Он притянул меня к себе, удобно положил голову на подушку у моей макушки, и уже через пять минут я слышала мерное дыхание заснувшего человека. Через некоторое время и я уснула.

* * *

Вечером, собрав в сумку немного вещей, я выехала на вокзал. Билет купила днем через приложение. В девять вечера я стояла на Казанском вокзале и смотрела, как медленно приближается поезд.

В пять утра я сошла с поезда и поднялась на мост, переход через пути. Августовское утро было немного прохладным. Воздух был на порядок чище, чем в Москве. Я стояла на мосту и смотрела, как трогается поезд. Постояв пару минут, пошла в сторону дома. Мама жила недалеко от вокзала, и я решила прогуляться. Маленький городок в сто тысяч жителей. Город еще спал. Только редкие машины проезжали мимо. Я дошла до дома, покурила, сидя на скамейке у подъезда. Вытащила ключи и пошла в дом.

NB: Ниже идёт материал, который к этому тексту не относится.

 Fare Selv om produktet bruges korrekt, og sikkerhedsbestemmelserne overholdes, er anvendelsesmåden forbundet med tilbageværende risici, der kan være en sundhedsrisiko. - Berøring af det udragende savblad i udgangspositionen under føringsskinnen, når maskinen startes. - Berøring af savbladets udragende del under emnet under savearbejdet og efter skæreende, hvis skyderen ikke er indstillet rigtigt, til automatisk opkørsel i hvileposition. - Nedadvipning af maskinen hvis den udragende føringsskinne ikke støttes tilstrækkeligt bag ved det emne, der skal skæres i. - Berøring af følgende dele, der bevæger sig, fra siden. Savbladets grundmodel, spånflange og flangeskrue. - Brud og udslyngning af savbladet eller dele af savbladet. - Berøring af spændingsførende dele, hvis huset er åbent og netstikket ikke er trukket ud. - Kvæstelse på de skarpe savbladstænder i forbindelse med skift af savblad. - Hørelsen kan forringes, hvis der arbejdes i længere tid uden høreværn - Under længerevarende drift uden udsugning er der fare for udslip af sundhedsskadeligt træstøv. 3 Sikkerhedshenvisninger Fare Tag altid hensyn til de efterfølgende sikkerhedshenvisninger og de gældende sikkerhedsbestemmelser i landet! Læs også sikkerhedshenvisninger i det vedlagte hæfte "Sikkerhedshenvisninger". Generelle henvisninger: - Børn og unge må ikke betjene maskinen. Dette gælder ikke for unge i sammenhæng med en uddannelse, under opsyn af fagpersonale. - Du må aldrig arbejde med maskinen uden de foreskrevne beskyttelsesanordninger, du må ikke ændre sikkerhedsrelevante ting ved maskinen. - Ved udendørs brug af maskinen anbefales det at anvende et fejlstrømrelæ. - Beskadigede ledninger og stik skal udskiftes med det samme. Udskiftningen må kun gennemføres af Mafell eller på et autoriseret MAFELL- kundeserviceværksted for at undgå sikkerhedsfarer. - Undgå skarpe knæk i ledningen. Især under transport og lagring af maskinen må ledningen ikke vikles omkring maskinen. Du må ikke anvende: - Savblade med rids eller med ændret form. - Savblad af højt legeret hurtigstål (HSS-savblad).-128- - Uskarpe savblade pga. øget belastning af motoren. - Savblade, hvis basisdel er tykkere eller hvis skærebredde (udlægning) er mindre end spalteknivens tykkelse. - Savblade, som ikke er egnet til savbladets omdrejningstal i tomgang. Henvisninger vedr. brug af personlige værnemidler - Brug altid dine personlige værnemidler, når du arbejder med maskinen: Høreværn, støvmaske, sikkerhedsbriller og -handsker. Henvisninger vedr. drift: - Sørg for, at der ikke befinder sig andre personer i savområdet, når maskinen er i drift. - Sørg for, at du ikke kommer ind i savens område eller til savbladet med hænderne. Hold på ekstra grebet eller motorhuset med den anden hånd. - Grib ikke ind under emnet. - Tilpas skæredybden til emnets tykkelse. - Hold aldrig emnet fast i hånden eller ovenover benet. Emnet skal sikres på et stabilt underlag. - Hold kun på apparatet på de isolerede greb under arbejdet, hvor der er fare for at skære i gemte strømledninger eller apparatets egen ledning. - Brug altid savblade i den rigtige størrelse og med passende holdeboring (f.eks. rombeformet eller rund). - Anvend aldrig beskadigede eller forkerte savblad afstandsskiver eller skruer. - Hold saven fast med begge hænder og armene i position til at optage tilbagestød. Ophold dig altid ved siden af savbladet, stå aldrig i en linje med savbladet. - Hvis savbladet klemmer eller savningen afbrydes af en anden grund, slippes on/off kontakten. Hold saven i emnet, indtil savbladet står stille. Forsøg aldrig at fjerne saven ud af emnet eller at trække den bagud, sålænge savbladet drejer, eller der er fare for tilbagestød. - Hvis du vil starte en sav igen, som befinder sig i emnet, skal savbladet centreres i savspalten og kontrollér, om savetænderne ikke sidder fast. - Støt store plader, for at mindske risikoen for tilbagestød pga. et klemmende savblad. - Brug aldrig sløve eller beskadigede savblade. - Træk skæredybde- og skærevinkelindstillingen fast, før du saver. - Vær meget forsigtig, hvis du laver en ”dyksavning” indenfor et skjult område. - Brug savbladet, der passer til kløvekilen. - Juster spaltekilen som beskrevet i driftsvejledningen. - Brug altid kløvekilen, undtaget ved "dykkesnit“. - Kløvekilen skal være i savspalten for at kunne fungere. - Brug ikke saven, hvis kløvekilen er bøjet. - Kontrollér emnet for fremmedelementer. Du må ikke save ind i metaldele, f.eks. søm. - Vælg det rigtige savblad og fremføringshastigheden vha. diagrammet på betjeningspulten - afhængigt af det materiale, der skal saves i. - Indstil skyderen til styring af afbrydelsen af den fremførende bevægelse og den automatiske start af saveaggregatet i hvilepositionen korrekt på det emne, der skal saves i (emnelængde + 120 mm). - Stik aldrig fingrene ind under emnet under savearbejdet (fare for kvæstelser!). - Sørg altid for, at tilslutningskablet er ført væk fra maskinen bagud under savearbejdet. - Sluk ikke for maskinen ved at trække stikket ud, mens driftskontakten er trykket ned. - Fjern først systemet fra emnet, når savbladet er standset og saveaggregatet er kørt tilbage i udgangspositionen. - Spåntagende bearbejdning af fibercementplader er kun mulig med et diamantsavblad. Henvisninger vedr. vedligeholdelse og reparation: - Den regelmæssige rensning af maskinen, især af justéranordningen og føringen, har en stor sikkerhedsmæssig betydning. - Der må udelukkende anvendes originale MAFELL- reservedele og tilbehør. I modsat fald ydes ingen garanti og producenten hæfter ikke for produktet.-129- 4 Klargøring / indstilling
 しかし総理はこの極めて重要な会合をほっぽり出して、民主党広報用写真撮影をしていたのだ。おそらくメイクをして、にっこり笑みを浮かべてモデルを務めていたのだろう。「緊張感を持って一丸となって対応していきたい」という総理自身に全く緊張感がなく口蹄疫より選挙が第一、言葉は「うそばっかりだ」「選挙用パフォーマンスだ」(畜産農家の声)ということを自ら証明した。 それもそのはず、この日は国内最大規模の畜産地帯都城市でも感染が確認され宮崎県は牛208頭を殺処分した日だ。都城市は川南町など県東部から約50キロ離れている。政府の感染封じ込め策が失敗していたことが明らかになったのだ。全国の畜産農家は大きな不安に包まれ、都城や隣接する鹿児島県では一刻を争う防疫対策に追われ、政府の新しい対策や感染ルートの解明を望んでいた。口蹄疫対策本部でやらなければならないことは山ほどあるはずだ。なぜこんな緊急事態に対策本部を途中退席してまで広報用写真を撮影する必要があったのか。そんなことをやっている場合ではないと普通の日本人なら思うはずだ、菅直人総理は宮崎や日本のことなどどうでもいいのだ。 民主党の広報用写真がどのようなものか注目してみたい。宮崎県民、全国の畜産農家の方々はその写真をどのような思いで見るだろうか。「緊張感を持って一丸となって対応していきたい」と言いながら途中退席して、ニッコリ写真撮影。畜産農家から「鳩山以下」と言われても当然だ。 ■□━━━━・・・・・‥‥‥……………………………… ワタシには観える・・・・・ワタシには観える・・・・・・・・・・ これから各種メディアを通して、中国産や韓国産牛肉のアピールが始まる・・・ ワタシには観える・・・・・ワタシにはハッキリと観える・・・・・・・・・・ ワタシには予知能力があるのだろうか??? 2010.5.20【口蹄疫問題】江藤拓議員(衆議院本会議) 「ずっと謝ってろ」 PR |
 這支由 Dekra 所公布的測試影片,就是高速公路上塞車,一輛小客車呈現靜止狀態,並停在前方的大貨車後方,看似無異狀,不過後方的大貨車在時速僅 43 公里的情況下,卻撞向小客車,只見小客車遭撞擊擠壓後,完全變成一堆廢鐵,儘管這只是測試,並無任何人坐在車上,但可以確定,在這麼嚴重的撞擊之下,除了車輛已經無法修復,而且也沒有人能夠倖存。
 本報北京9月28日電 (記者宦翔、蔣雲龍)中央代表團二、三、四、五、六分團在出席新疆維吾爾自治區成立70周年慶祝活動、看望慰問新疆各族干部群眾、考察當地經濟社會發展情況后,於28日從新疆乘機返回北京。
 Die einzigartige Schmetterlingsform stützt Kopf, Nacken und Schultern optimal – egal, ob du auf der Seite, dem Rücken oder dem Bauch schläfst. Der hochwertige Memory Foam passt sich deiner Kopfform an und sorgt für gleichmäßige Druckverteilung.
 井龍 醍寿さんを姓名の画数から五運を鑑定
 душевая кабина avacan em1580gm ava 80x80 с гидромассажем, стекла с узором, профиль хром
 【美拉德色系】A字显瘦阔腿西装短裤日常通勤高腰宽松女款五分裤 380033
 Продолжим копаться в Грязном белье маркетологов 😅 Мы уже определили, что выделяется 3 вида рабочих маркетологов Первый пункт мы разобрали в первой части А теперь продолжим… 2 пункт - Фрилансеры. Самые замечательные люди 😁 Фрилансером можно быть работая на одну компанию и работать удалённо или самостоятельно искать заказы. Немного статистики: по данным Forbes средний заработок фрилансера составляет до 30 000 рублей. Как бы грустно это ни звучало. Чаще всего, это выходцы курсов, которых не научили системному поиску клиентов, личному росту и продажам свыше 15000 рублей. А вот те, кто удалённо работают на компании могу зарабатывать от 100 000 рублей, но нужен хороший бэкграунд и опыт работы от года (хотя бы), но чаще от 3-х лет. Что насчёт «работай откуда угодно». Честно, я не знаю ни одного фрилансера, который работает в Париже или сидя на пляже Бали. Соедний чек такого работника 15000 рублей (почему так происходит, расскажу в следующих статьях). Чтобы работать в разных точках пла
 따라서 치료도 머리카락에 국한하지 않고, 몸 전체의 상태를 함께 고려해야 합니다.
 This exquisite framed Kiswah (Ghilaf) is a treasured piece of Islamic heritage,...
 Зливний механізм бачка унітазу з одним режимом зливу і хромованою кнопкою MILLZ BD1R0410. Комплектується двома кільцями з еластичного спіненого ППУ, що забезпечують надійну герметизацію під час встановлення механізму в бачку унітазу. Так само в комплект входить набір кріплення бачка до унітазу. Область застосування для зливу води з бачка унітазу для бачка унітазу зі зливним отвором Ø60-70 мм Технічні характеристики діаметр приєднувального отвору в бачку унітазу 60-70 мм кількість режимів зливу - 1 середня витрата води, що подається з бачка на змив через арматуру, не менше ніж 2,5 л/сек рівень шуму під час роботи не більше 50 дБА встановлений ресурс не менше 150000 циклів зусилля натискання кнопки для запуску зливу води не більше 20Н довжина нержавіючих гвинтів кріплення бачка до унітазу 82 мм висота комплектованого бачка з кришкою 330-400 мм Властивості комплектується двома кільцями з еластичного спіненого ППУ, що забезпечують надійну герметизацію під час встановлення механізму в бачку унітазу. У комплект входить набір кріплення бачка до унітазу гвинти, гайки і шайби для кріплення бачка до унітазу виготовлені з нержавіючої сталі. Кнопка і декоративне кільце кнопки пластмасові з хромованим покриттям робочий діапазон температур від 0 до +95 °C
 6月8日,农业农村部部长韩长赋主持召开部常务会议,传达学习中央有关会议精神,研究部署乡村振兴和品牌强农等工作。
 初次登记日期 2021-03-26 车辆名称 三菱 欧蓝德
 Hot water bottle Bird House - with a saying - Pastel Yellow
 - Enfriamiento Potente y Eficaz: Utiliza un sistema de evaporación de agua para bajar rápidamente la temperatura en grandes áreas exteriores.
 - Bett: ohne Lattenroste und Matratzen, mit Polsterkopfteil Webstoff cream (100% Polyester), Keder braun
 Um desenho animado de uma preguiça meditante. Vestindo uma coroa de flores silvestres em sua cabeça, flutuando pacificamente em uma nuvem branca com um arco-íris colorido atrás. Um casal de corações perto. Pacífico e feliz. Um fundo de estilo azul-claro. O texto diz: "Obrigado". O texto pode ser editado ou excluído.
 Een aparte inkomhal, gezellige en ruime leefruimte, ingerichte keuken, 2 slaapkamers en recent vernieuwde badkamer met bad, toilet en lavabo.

Поднявшись на третий этаж, тихо открыла дверь. Хотела сделать сюрприз, так как не предупреждала маму о приезде. Зайдя в квартиру, заметила свет настольной лампы в спальне мамы. Тихо прошла и открыла дверь. Мама сидела в кресле и читала книгу. Когда я открыла дверь, она посмотрела на меня поверх очков и встала.

– Моя маленькая девочка приехала, – сказала она, улыбаясь.

И от этой улыбки так стало тепло внутри, я улыбнулась в ответ, стремительно подошла к ней и крепко обняла.

– Мамулечка моя, – сказала я и расцеловала маму во все щеки и еще раз крепко обняла. – Прости, что долго не приезжала! Я так по тебе соскучилась!

– И я по тебе скучала! Только вчера думала, что надо позвонить. Сама ведь не звонишь!

– Прости, мама. Дел было очень много! Совсем замоталась! А где Валера и Стасик?

– В рейсе. Вчера уехал, приедет через несколько дней. А Стасик в лагере. Ты же знаешь, я не могу спокойно спать, когда Валера в рейсе. Дорога и так далее меня беспокоят. Вот сижу, читаю, пытаюсь отвлечься. Так что мы одни, у нас есть несколько дней, чтобы спокойно пообщаться. Ты ведь не на один день приехала?

– Я приехала на полторы или две недели. У меня отпуск!

– Замечательно. Кофе?

– Да! Мама, я так рада тебя видеть! Я так по тебе скучала! – снова сказала я и снова крепко ее обняла.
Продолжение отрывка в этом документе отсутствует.